Me voy con la sensación de que quizás habría preferido que me quedara. Sin embargo, cuando me quedo con él tengo la sensación de que le estorbo. A veces no sé qué quiere, porque no dice las cosas claras, y tengo que  interpretar. No sé si siempre acierto en mis interpretaciones. En realidad, casi nadie dice las cosas claras. Es difícil. Porque, entre otras cosas, no es fácil tener las cosas claras. A lo mejor por un lado preferiría que me quedara con él, porque le da seguridad . Y por otro prefiere que me vaya para no tener que estar pendiente de mí, y poder comportarse más libremente con sus compañeros. Así que es posible que cuando me despido, veo su lado que habría preferido que me quedara. Y que ahora que ya no estoy sus compañeros estén viendo su lado contento porque me he ido.

Mientras espero el tranvía decido volver al hotel para dejar peso y coger el plano de la ciudad, y después salir a descubrirla. Pero a pesar de haber decidido eso, cuando el tranvía para en una estación llamada Mercado, me levanto movida por un impulso, y abandono el tren. Al salir veo el mercado a la derecha, pero en lugar de ir a verlo me pongo a caminar por una calle que me llama la atención, sin saber en qué parte de la ciudad estoy, ni hacia dónde me dirijo, y juego a guiarme con el método de seguir los caminos que me llaman la atención.

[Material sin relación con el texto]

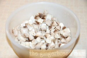 Chop the mushrooms into cubes about 0.5cm. Put them in a small microwave-safe bowl with the water and cook on medium for 5 mins.
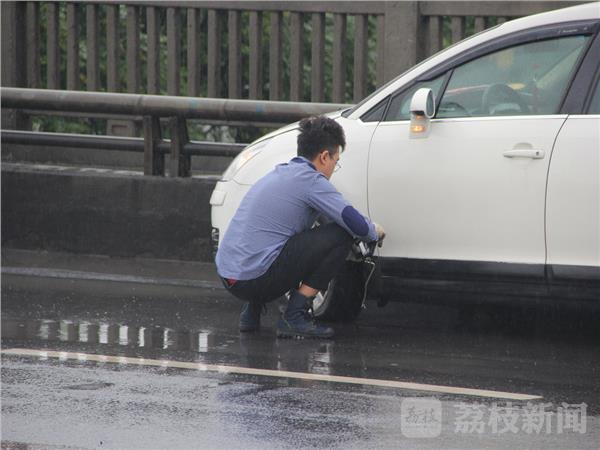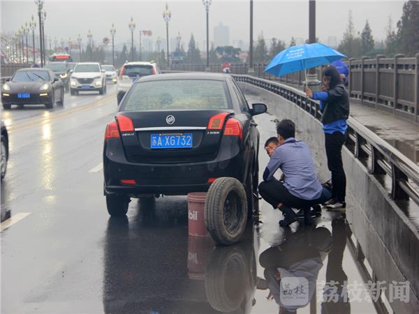 另一车主介绍,他停在桥下检查轮胎时,看到五六辆车都停下来检查,好几位司机都在换胎。司机们很烦恼,“看来长江大桥还真要好好维修啦!”
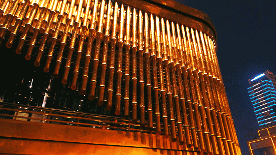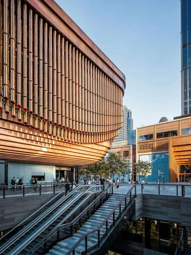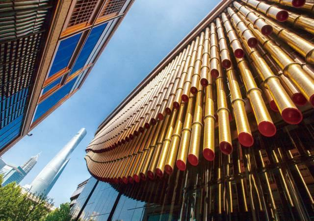 这栋地上四层地下三层的独立建筑,由英国建筑设计事务所 Foster + Partners和英国当代最具创意的奇才,建筑界的达·芬奇,托马斯·赫斯维克联合设计而成。整个建筑最大的特色就是融汇了中西特色的三层金色可转动幕帘,极具辨识度。
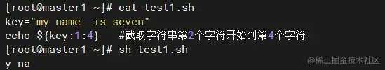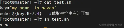 echo ${key:1:4} #截取字符串第2个字符开始到第4个字符
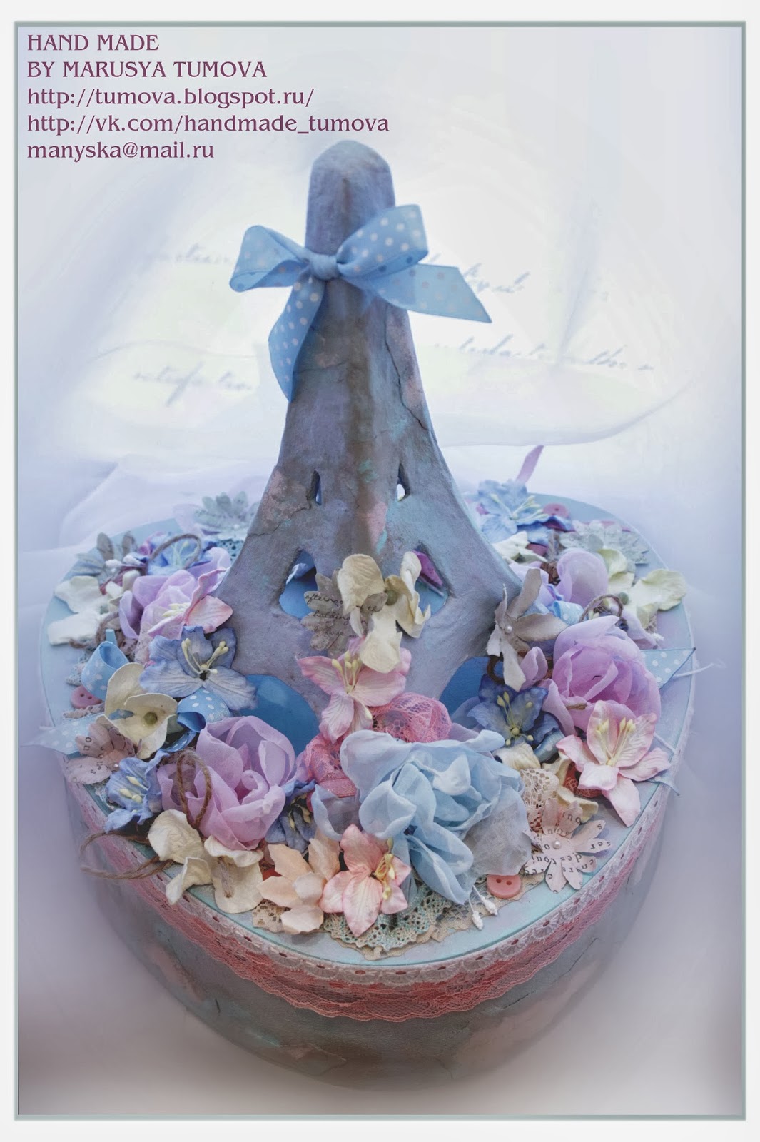 Сегодня хочу Вам показать шкатулочку "Париж", которую я делала для одной молодой пары на их свадьбу. Похожую шкатулку я уже делала однажды по чудесному МК, который я видела в блоге у Юли "Время Идей". Но в этот раз сама шкатулка из фанеры, а башню делала по технике Папье-маше, при помощи массы.
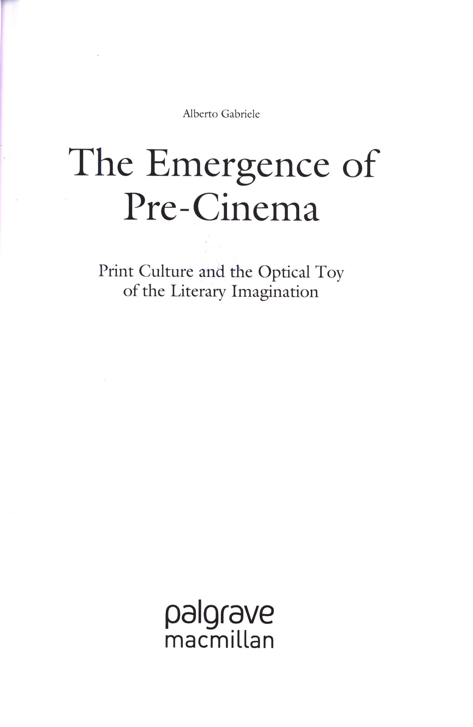 1. Title informationThe Emergence of Pre-Cinema : Print Culture and the Optical Toy of the Literary Imagination / Alberto Gabriele
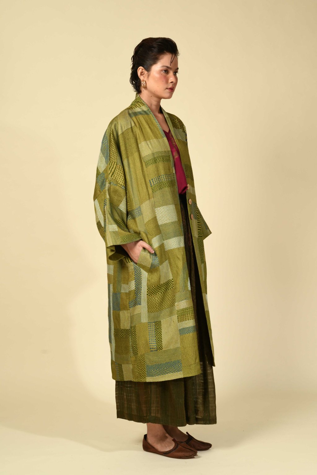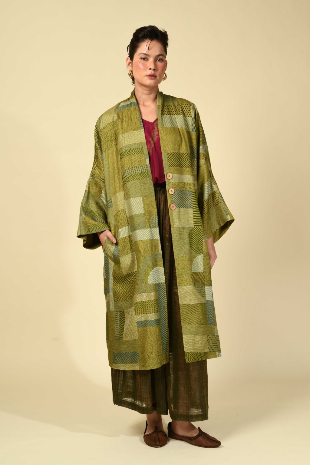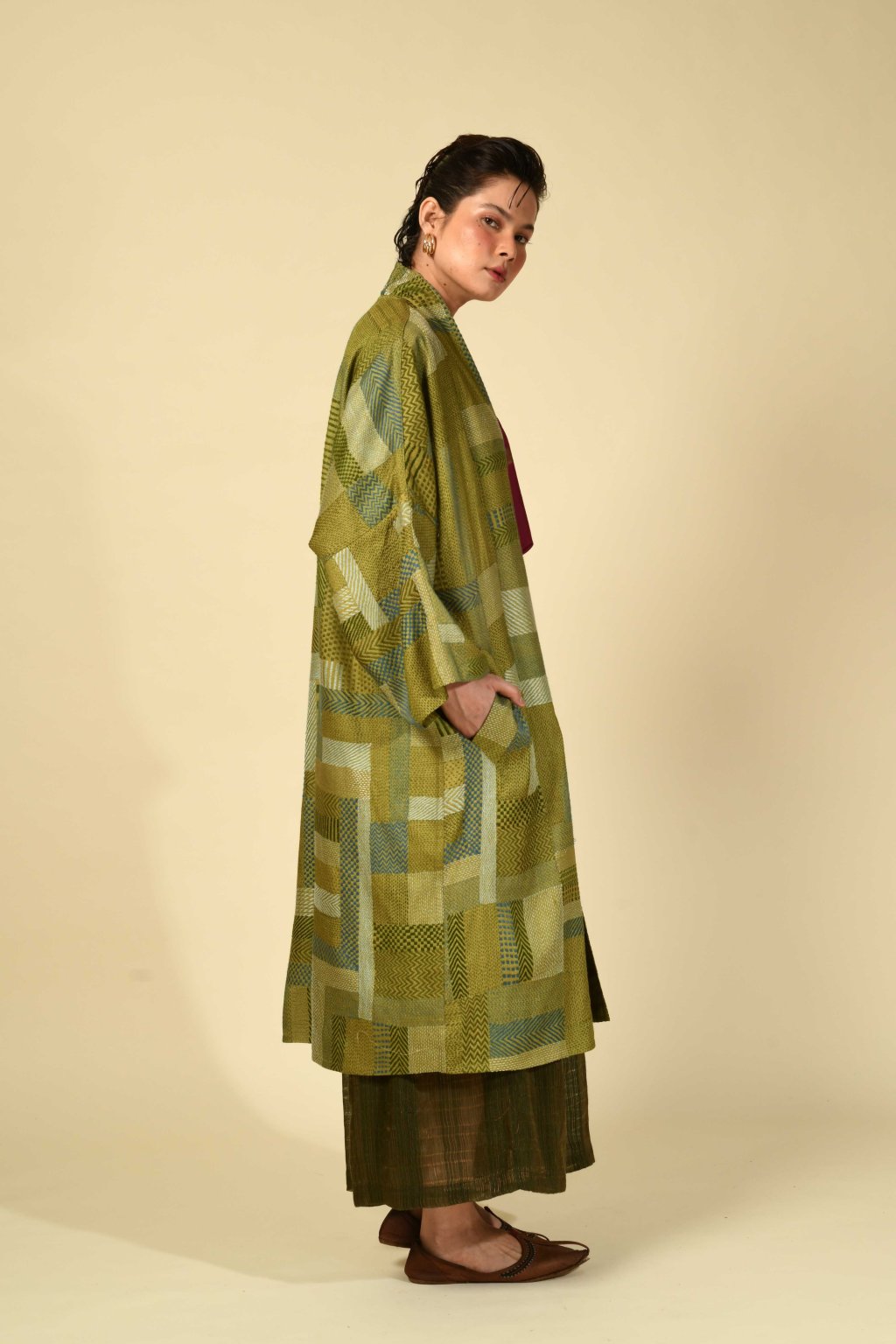 Jyaamiti Kantha dlouhý kabát z tussarového hedvábí | mehndi
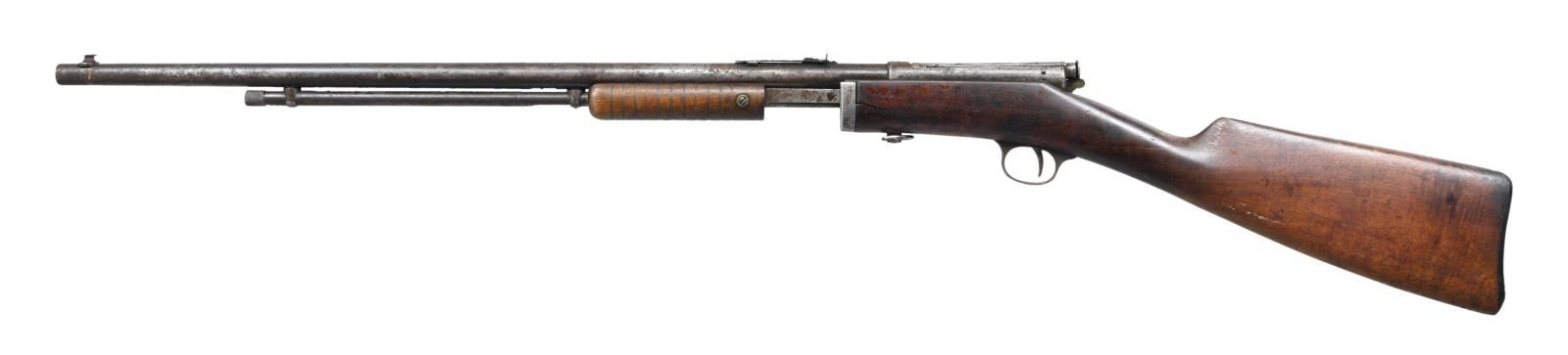 1) STEVENS GALLERY NO. 80 PUMP ACTION RIFLE. Cal. 22 S, L & LR. S# 26744. Bbl. 24". Elevator notch rear sight. Bead front sight. Straight walnut stock & grooved forend. Action is stiff. CONDITION: walnut stock shows several large cracks at front, a few chips scattered handling wear & dings. Metal is a gray patina w/ some light pitting & overall oxidation. Worn dark bore. (23-1562/MJC). 2) CONTINENTAL ARMS BOLT ACTION RIFLE. Cal. 22 S, L & LR. NSN. Bbl. 24". Single Shot bolt action rifle. Fixed v notch rear sight. Bead front sight. Pistol grip hardwood stock. CONDITION: stock shows overall flaking, scattered staining & handling wear. Metal retains 50% original blue w/ receiver turning silvery gray, scattered oxidation & edge wear. Poor pitted bore. (23-1569/MJC). 3) IVER JOHNSON MODEL X BOLT ACTION RIFLE. Cal. 22 S, L & LR. NSN. Bbl. 22". Single shot bolt action rifle. Fixed U-notch rear sight. Blade front sight. Pistol grip walnut stock. Action does not appear to be cocking correctly & may require attention. Metal parts display a loose fit w/ stock. CONDITION: stock has added varnish w/ some dings & handling marks. Metal is mostly a dull gray patina w/ scattered oxidation & traces of original blue. Fair bore w/ scattered pitting but evident rifling. (23-1574/MJC). 4) HOPKINS & ALLEN MODEL 4922 BOLT ACTION RIFLE. Cal. 22 RF. NSN. Bbl. 22". Tube fed, takedown bolt action rifle. Buckhorn rear sight. Bead front sight. Straight grip walnut stock. CONDITION: sanded stock shows a few chips, stains, cracks, glue repairs & handling wear. Metal is a silvery oxidized patina. Fair bore w/ scattered frosting & pitting. (23-1575/MJC). 5) PREMIER SINGLE SHOT BOLT ACTION RIFLE. Cal. 22 S, L & LR. NSN. Bbl. 22". Elevator adjustable rear sight. White bead front sight w/ broken bead. Pistol grip walnut stock. CONDITION: refinished stock has added varnish w/ scattered flaking, dings & handling wear. Metal is mostly a gray patina w/ scattered traces of original blue, varnish overruns & some oxidation staining. Good bore w/ scattered frosting & light pitting but strong rifling. (23-1585/MJC). 6) PAGE LEWIS ARMS MODEL D BOLT ACTION RIFLE. Cal. 22 LR. S# 20270. Bbl. 20". Single shot bolt action rifle. Fixed U-notch rear sight. Blade front sight. Straight grip stock. Bolt not going into battery properly & will likely require attention. CONDITION: refinished stock w/ added varnish, a couple repairs on the right side of receiver & scattered handling wear. Metal is mostly a mottled gray patina w/ scattered oxidation staining. Fair bore w/ scattered pitting but strong rifling. (23-1603/MJC). ALL CURIO. $300-600.

En el trayecto veo la catedral de San Nicolás, casas de belleza decadente e incluso a veces ruinosa, bares de copas cerrados, el ayuntamiento, una iglesia al final de unas escaleras que suben, y subo, y hay un coro cantando en la puerta, y al final un museo de arte contemporáneo. Entro. La entrada es gratuita, pero me obligan a dejar la mochila en consigna. No trato siquiera de explicar que no voy a meter dentro de ella ningún lienzo ni escultura, ni ninguna otra instalación, y que si lo hiciera, llamaría enormemente la atención y no les resultaría difícil detenerme e impedírmelo. La dejo sin más. También me prohíben tajantemente sacar fotografías. Como me parece absurdo tener que dejar la mochila y no poder hacer fotos sin flash, y consciente de estar comportándome de una forma pueril, me dedico a la fotografía furtiva.

El museo es pequeño, pero tienen un chillida, un tápies, un par de mirós, un juan gris… me parece que tiene un cierto interés. Pequeño pero escogido. Sin embargo, a lo que más tiempo le dedico es a un mural lleno de dibujos de niños, cuyo tema es «El miedo es» y cada niño, en un folio, ha dibujado o escrito su propio concepto. Y voy leyendo uno a uno. Miedo es la soledad, miedo es soñar con zombies, miedo es las arañas y los elefantes, miedo es la muerte, miedo es estar solo, miedo es el fin del mundo, miedo es yo no le tengo miedo a nada, miedo es la intensidad del atleti. Saco una foto y se la mando a Miguel.